:: Extracted data
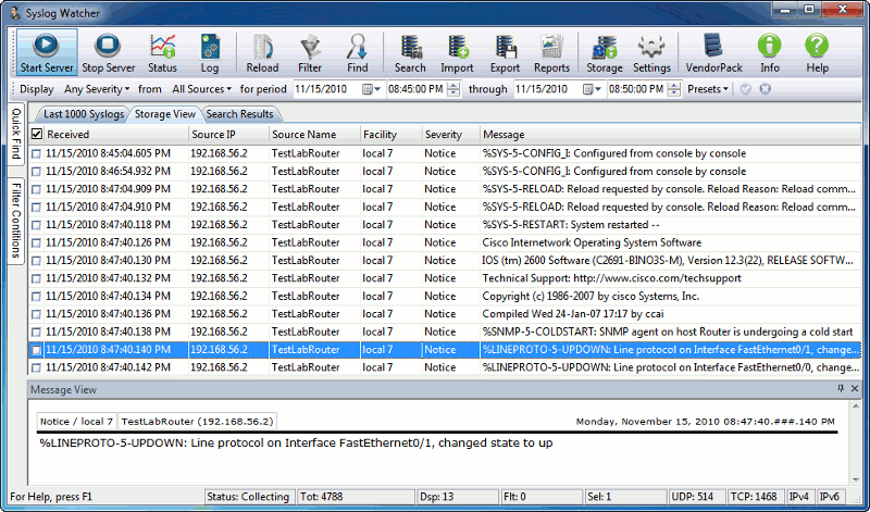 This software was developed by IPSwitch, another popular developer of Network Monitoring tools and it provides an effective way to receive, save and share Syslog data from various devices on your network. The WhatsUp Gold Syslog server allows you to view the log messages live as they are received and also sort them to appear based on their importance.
::::
:: Extracted data
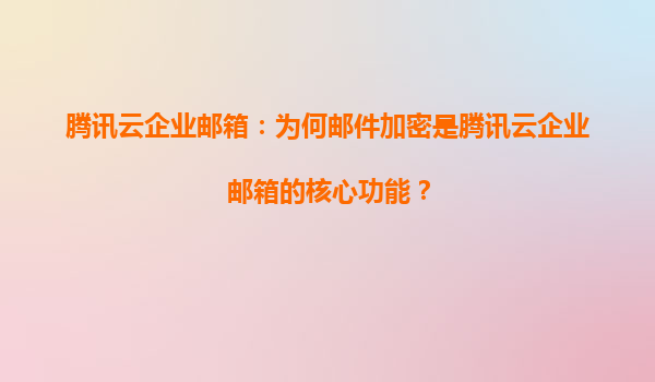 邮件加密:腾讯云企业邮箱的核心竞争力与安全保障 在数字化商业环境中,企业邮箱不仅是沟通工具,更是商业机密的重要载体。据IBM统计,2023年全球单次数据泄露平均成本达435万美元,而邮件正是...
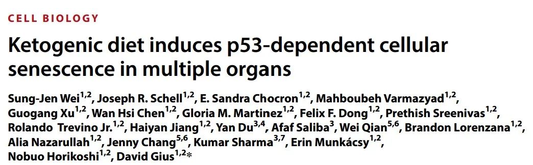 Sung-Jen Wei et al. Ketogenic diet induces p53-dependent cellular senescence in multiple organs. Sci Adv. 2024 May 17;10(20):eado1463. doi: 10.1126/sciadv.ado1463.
::::
## Description of the task
Look back at the data above, then output exactly the lines from the line holding "邮件加密:腾讯云企业邮箱的核" up to and including the line holding "Sung-Jen Wei et". Leave out the pictures.

## Answer
 邮件加密:腾讯云企业邮箱的核心竞争力与安全保障 在数字化商业环境中,企业邮箱不仅是沟通工具,更是商业机密的重要载体。据IBM统计,2023年全球单次数据泄露平均成本达435万美元,而邮件正是...
 Sung-Jen Wei et al. Ketogenic diet induces p53-dependent cellular senescence in multiple organs. Sci Adv. 2024 May 17;10(20):eado1463. doi: 10.1126/sciadv.ado1463.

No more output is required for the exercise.